Give back every line of the data exactly. Pictures are not part of the copy.

## DATA PROVIDED
++++++++

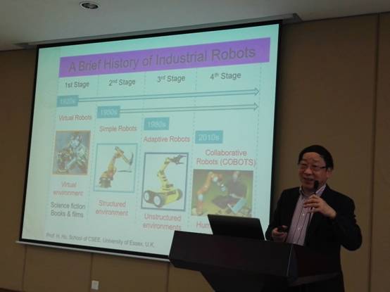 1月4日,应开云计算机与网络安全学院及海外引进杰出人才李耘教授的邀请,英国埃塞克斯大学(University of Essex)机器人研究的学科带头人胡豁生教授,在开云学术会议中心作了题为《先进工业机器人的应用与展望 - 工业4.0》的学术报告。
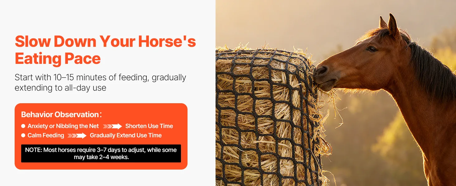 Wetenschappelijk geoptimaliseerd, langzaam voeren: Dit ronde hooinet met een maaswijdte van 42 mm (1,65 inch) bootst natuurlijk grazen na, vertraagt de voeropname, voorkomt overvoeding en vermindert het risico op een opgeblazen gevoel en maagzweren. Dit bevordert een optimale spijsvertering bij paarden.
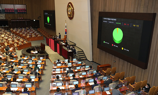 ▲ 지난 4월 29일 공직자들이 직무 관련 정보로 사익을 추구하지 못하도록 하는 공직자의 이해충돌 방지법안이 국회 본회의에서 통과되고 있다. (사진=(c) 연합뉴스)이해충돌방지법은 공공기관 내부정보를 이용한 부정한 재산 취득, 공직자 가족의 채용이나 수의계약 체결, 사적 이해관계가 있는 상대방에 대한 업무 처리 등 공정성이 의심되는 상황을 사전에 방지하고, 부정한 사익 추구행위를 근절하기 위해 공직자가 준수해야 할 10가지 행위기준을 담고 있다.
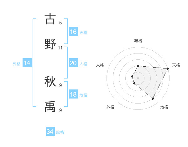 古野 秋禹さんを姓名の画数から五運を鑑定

++++++++

## RESPONSE AREA
 1月4日,应开云计算机与网络安全学院及海外引进杰出人才李耘教授的邀请,英国埃塞克斯大学(University of Essex)机器人研究的学科带头人胡豁生教授,在开云学术会议中心作了题为《先进工业机器人的应用与展望 - 工业4.0》的学术报告。
 Wetenschappelijk geoptimaliseerd, langzaam voeren: Dit ronde hooinet met een maaswijdte van 42 mm (1,65 inch) bootst natuurlijk grazen na, vertraagt de voeropname, voorkomt overvoeding en vermindert het risico op een opgeblazen gevoel en maagzweren. Dit bevordert een optimale spijsvertering bij paarden.
 ▲ 지난 4월 29일 공직자들이 직무 관련 정보로 사익을 추구하지 못하도록 하는 공직자의 이해충돌 방지법안이 국회 본회의에서 통과되고 있다. (사진=(c) 연합뉴스)이해충돌방지법은 공공기관 내부정보를 이용한 부정한 재산 취득, 공직자 가족의 채용이나 수의계약 체결, 사적 이해관계가 있는 상대방에 대한 업무 처리 등 공정성이 의심되는 상황을 사전에 방지하고, 부정한 사익 추구행위를 근절하기 위해 공직자가 준수해야 할 10가지 행위기준을 담고 있다.
 古野 秋禹さんを姓名の画数から五運を鑑定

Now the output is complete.